Jihoon looks at Woojin, especially meaningfully, as though willing him to Feel Sympathetic. “I’m coming to you with my heart on my sleeve and you’re being a dick.”

For a second, Woojin looks entirely unimpressed. And then—as always—he lets out a withering sigh, gaze fixed on something in the distance as he settles his spray bottle of cleaning agent on the table and tosses his rag next to it. He plops down in the dingy plastic seat across from Jihoon and slumps into it.

“I’m the dick?” Woojin repeats with a shake of his head. “I let you rob me of my paycheck by turning a blind eye when you steal ice cream from the shop, and I’m the dick? Pfft.”

“Can you just be nice to me?” He’s purposeful as he reaches across the distance to kick Woojin’s shin. “The asshole I’ve written fifty stories about is going on a date tonight with that guy that did a milk commercial. You know him, right? The one that smiles like he’s literally been manufactured to be next to the dictionary definition of ‘smile.’ I’m hurting.”

“You’re hurting my wallet,” Woojin corrects, flicking an empty ice cream wrapper in Jihoon’s direction. “When are you going to get over him, huh? It’s been years and you haven’t even told him you like him. Stop pigeonholing yourself, dumbass. There are hotter dudes than Mark Lee out there.”

Woojin’s probably right, yeah, and Jihoon never knows how to answer that question. He supposes some matters of the heart are unforgivingly mysterious in that sense, and as dissatisfied as he feels, maybe he’s not meant to know why he still likes Mark, why he can’t break past the same old boring stories where every hypothetical happy ending Jihoon could build for himself inadvertently gets shattered to smithereens.

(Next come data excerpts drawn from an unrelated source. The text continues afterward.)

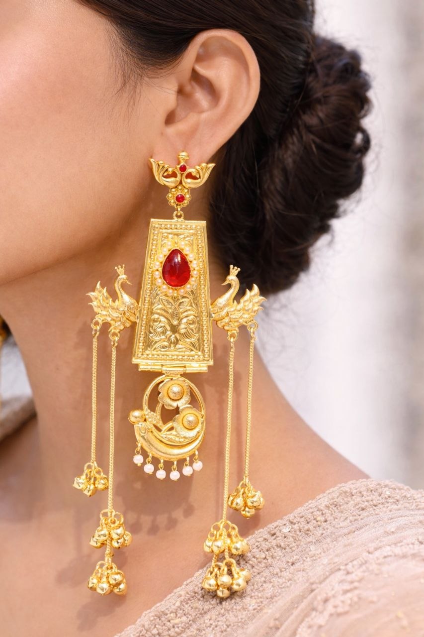 The artistic design often includes intricate carvings and traditional elements that represent cultural heritage. This makes the earrings not just an accessory, but a statement piece that carries a sense of tradition and style together.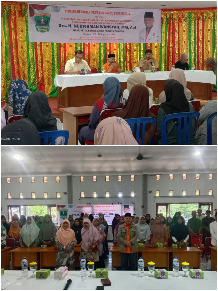 Cakrawalanational.news-Solok Selatan, Wakil Ketua Komisi V DPRD Provinsi Sumatera Barat, Drs. H. Nurfirman Wansyah, A.Pt. MM, menggelar sosialisasi Peraturan Daerah (Perda) Nomor 9 Tahun 2018 tentang Fasilitasi Pencegahan Penyalahgunaan Narkotika, Psikotropika, dan Zat Adiktif (NAPZA), Senin (25/8/2025). Kegiatan ini berlangsung di Wisma Umi Kalsum, Kecamatan Sungai Pagu, Kabupaten Solok Selatan.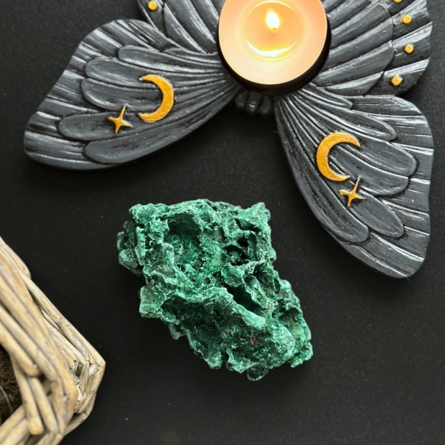 En vokter av hjertet, en healer av beinbrudd & blodtrykk, og en beskytter mot den giftige strømmen av negativ energi – Malakitt er en travel stein. Grønne krystaller ser alltid ut til å ha superstyrkekrefter og elsker å koble seg til hjertechakraet. Malakitt er intet unntak, og med sine energiske egenskaper gjør den en fantastisk jobb med å oppmuntre deg til å gi slipp på gamle traumer og mønstre og å gå utenfor komfortsonen din.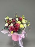 - Романтический акцент: сочетание роз, маттиолы, лизиантуса и гиперикума создает уникальную гармонию, в которой каждый цветок раскрывает свою неповторимую красоту.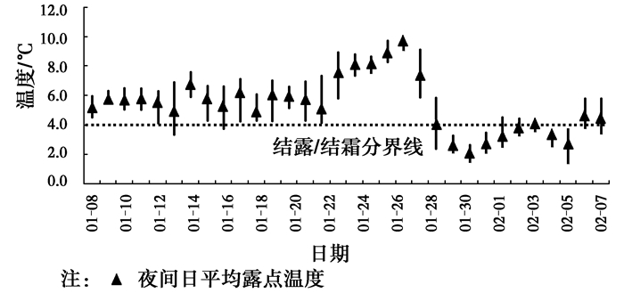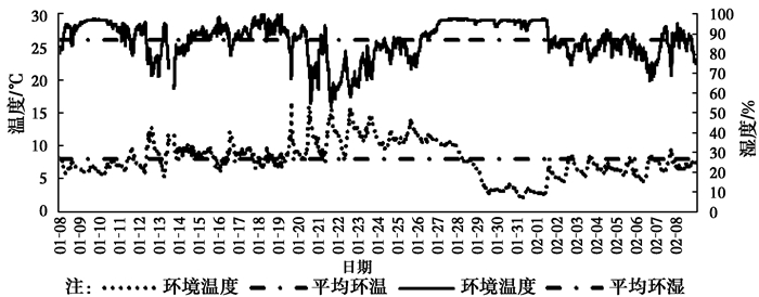 空气源热泵供暖基本工作在夜间(晚上20:00-次日凌晨6:00),为此对夜间运行时间段气象数据(如图 2)进行分析。图 2反映了测试期间(2015-01-08-2015-02-08)白天与夜间的平均温度及温度波动(最高温与最低温之差)对比情况,夜间日平均气温为7.6 ℃,略低于白天(8.3 ℃),而从温度波动角度来看,夜间平均波动为2.2 ℃,最大为4 ℃(晴天),最小为0.7 ℃(阴雨天),而白天温度波动为3.5 ℃,最大波动达9.1 ℃,整体来看,夜间温度要稳定得多。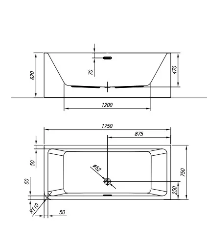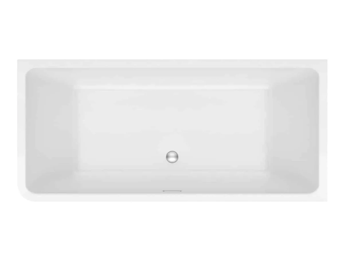 Egy falhoz állítható, és sarokba tehető egybeöntött előlapos megoldás, a szabadon álló kádak érzetével.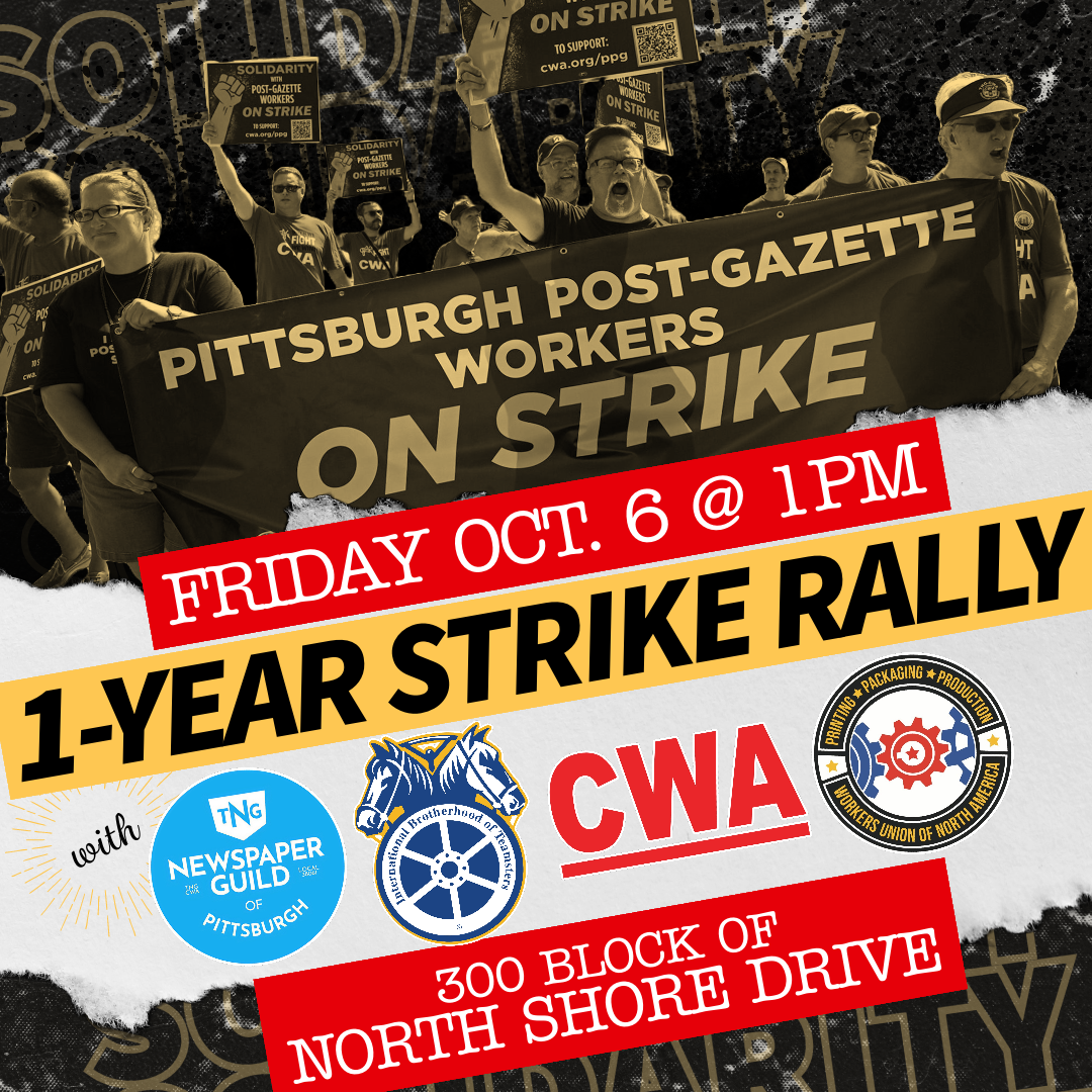 On Friday, Oct. 6, 2023 at 1 p.m., we’re rallying on North Shore Drive — outside the offices of the Post-Gazette — to mark one year on strike.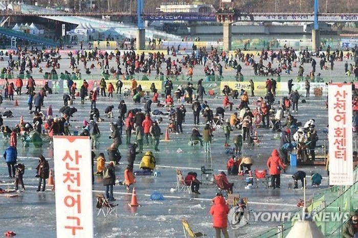 사진 속 산천어 축제에 참가한 많은 관광객들이 얼음 벌판을 가득 메우고 있는 모습은 놀라움을 자아낸다.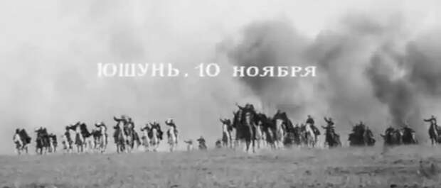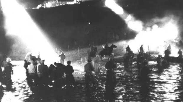 А это кадр фильма «Бег» (1970 г.) – придуманный эпизод крымской эвакуации, в котором белые якобы стреляют по красным кавалеристам из установленных на катерах пулеметов: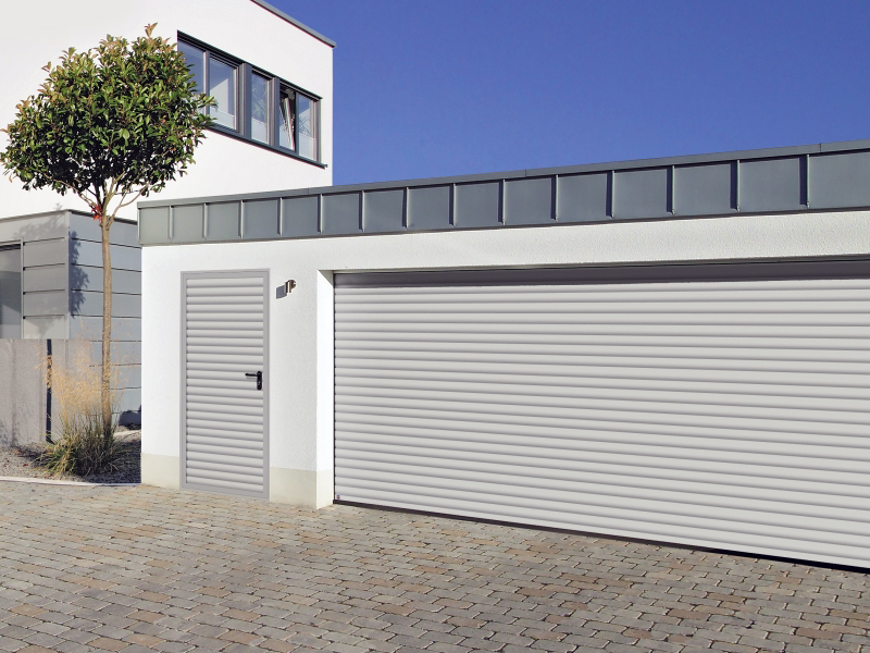 Sichtfenster sind bei den doppelwandigen Profilen möglich. Der Lichteinfall ist jedoch nicht vergleichbar mit einem Sektionaltor. Torbreiten bis zu 12 Meter und ansichtsgleiche Nebentüren (auch wegschwenkbar) sind ebenfalls deutliche Argumente für ein Rolltor.
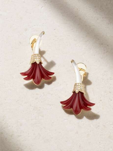 So many of L'Atelier Nawbar's pieces are inspired by the beauty of nature. Handmade from 18-karat gold, these earrings are cast in the shape of blooming flowers - rich carnelian make up the petals, while lustrous mother-of-pearl takes form of the stem. A dusting of dainty diamonds gives them the perfect amount of sparkle.

“Seongwoo hyung wants me to write a love story,” Jihoon says instead of responding to Woojin. “Me, a love story. Every single story I’ve written has ended in apocalypse or the person that I’m using as a parallel for my life getting eaten alive by zombies. Me. A fucking love story.”

“My little sister’s been into rom-coms these days,” offers Woojin with a half-hearted shrug. “I can ask her to forward you some recommendations.”

“Me,” repeats Jihoon. “A god damn love story. Holy shit. In what world?”

He’s lucky it’s the middle of the week at an awkward hour when even the drunk businessmen haven’t quite found their way onto the streets. The convenience store is empty and Jihoon can afford to monopolize some of Woojin’s time (and the employee discount he gets on alcohol). Idly, Jihoon sips at the remainder of a paper cup of soju he’s poured for himself. (When’d he manage to get through two bottles?)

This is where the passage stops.